On May 5, 2012, at 8:21 PM, Philip Brown wrote:
>
>
> On Saturday, May 5, 2012 7:42:43 PM UTC-7, Luke Kanies wrote:
>
> Sorry - I meant it needs to be in the definition of the relevant property,
> which in this case is 'ensure' (but in exec is 'returns').
>
>
> For those "following along at home", that apparently means that, rather than
> the nice simple (but apparently, OVERLY simplified)
> single line of
>
> "ensurable"
> in a type definition, I now have to do:
>
> ensurable do
> defaultvalues
>
> # This appears to be "change to state", for "ensurable"s.
> def change_to_s(oldstate,newstate)
> if ( oldstate == :absent && newstate == :present )
> return "set #{@resource[:property]} = #{@resource[:value]}"
> end
> end
> end
>
> This stuff may as well be black magic. it reaaally needs to be added to the
> "how to write your own type" documentation!! :(
> It is not at all apparent, than a single line,
> "ensurable" is some short cut for an expandable "property definition"
>
> Similarly for the "defaultvalues" line. not particular understandable, but
> "it just has to be there".
>
> (At least I have C++/java experience, so I can guess how it works. but for
> someone else trying to learn how to write their own types, etc. .. yuck)

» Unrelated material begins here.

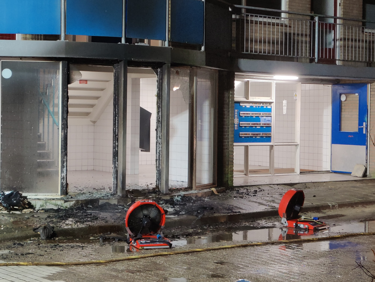 De brandende huisraad zorgde voor veel rookontwikkelingen. Doordat er drie ruiten van het trappenhuis gespringen waren drong de rook het gebouw in en rijkte tot aan de appartementen op drie hoog. De brandweer heeft grote ventilatoren ingezet om de rook uit het gebouw te krijgen.
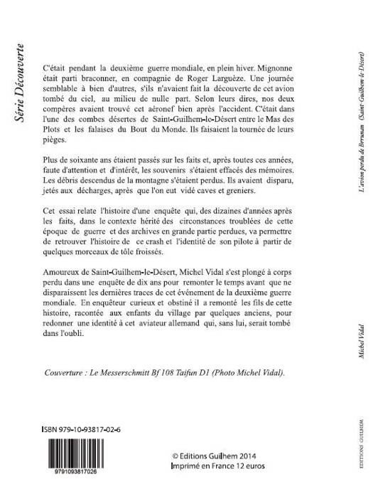 C'était pendant la deuxième guerre mondiale, en plein hiver. Mignonne était parti braconner, en compagnie de Roger Larguèze. Une journée semblable à bien d'autres, s'ils n'avaient fait la découverte de cet avion tombé du ciel, au milieu de nulle part. Selon leurs dires, nos deux compères avaient trouvé cet aéronef bien après l'accident. C'était dans l'une des combes désertes de Saint-Guilhem-le-Désert entre le Mas des Plots et les falaises du Bout du Monde. Ils faisaient la tournée de leurs pièges. Plus de soixante ans étaient passés sur les faits et, après toutes ces années, faute d'attention et d'intérêt, les souvenirs s'étaient effacés des mémoires. Les débris descendus de la montagne s'étaient perdus. Ils avaient disparu, jetés aux décharges, après que l'on eut vidé caves et greniers. Cet essai est l'histoire d'une enquête qui, des dizaines d'années après les faits, dans le contexte difficile hérité des circonstances troublées de cette époque de guerre et des archives en grande partie perdues, va permettre de retrouver l'histoire de ce crash et l'identité de son pilote à partir de quelques morceaux de tôle froissés.

I largely agree - for the very simple cases of the very complex cases, it works
well enough, but for anything in between it's a bit rough.
I think the RAL is in drastic need of refactoring, but it's a large job with a
larger backward compatibility problem and isn't directly necessary to get
anything else done, so it never quite gets prioritized like I'd like.